Logic Duplication and Maintainability

The general design of YJIT seems also fairly close to the FullCodeGen/Crankshaft generation of V8. For instance it’s a really direct approach in that there is logic to emit architecture-specific (x86_64 for YJIT) machine code for a given bytecode instruction.

While this offers a lot of flexibility it is also a large issue for maintainability, because complex logic is duplicated in various forms in different places. For example the logic to read an instance variable is duplicated in yjit_codegen.c and in vm_insnhelper.c.

My understanding is that FullCodeGen/Crankshaft were replaced in large parts because they became unmaintainable. It is really hard to keep multiple duplicates of the same logic in sync and ensure they behave exactly the same behavior in all corner cases (and if it’s not it leads to hard-to-track-and-understand bugs). And this of course just becomes worse with the many architectures and tiers that V8 supports.

The newer V8 generation avoids in large parts this issue by using some kind of macro assembler (think of it as a kind of generic assembly code, which can then be used to emit assembly for a given architecture), and using that macro assembler for both the interpreter and the JIT.

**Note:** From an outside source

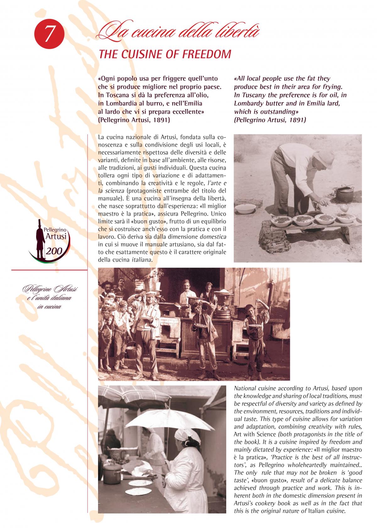 Prima ancora che una persona, Artusi è un libro di cucina. Anzi, il libro di cucina per eccellenza, quello che fonda la cucina italiana moderna: quindici edizioni in vent’anni, dal 1891 al 1911, riviste e curate direttamente dall’autore, per essere poi, fino ai giorni nostri, continuamente rieditato, copiato, tradotto (finora in dieci lingue: catalano, francese, giapponese, inglese, olandese, polacco, portoghese, russo, spagnolo, tedesco), diventando nella contemporaneità l'ambasciatore della cucina italiana nel mondo.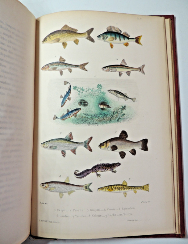 A.HENNUYER. 1882. In-4. Relié. Etat d'usage, Coins frottés, Dos frotté, Intérieur acceptable. 443 pages - illustrées de 150 gravures et de 6 planches en couleurs - tranches dorées - coins frottés - dos à 5 nerfs - titre + auteur + filet + ornements dorés sur le dos - dos légèrement frottés - 2 photos disponibles.. . . . Classification Dewey : 508-Histoire naturelle

MJIT mostly avoids this issue by reusing C code from the interpreter, and using the C compiler for JIT compiling (of course this offers less flexibility for optimizations). TruffleRuby avoids this issue by partially evaluating the interpreter, which means the same logic/code is used both for the interpreter and the JIT.

This maintainability issue seems difficult to resolve in YJIT because YJIT can’t use the instruction C functions for generating specialized code for instructions (it can call C functions but then it doesn’t optimize anything over the interpreter), and the interpreter cannot use YJIT x86_64-specific assembly (it’s not portable and not particularly readable).

Limitations due to CRuby design

Making a JIT which provides good speedups in CRuby is hard, notably because CRuby has been optimized a lot for interpretation and rather little for just-in-time compilation.

As Maxime mentions in this post under Next Steps there are various things which could be improved in CRuby, but those will likely take a long time. For instance there has been ongoing work for several years to use Variable Width Allocation in CRuby. There is a lot of low-level C code in CRuby, very rarely documented, so it is a huge project to work on any of these without breaking everything else.

Almost all of the core library in CRuby is written in C, which means YJIT or MJIT just see most of the core library as a black box and cannot optimize most of it. There are some exceptions for a few core library methods which can be manually specialized or intrinsified (at the cost of duplication of course), but this is not feasible to extend to a significant part of the core library. Even if YJIT/MJIT could reuse the C code of the core library from CRuby, it is very unlikely they would be able to optimize it meaningfully. Those C functions which implement the core library handle all cases (they must) but to make Ruby code faster one needs to specialize and optimize only the relevant part of the logic, otherwise it will not do a better job than a C compiler. Moving some core library methods to Ruby code would help here, but that would make the CRuby interpreter slower.

This is where alternative Ruby implementations shine, they are not bound by any of these limitations and can use better data representations, allocators, GCs, etc.

Conclusion

I hope this post helped you understand better the landscape of Ruby compilers and various trade-offs. YJIT is a recent addition with fast compilation, full compatibility and some speedups but also various limitations and trade-offs. I believe TruffleRuby will always have more opportunities for better performance as it is not bound by the limitations in CRuby and already has one of the best compilers in the world (the GraalVM Compiler), which understands Ruby code, C code and more.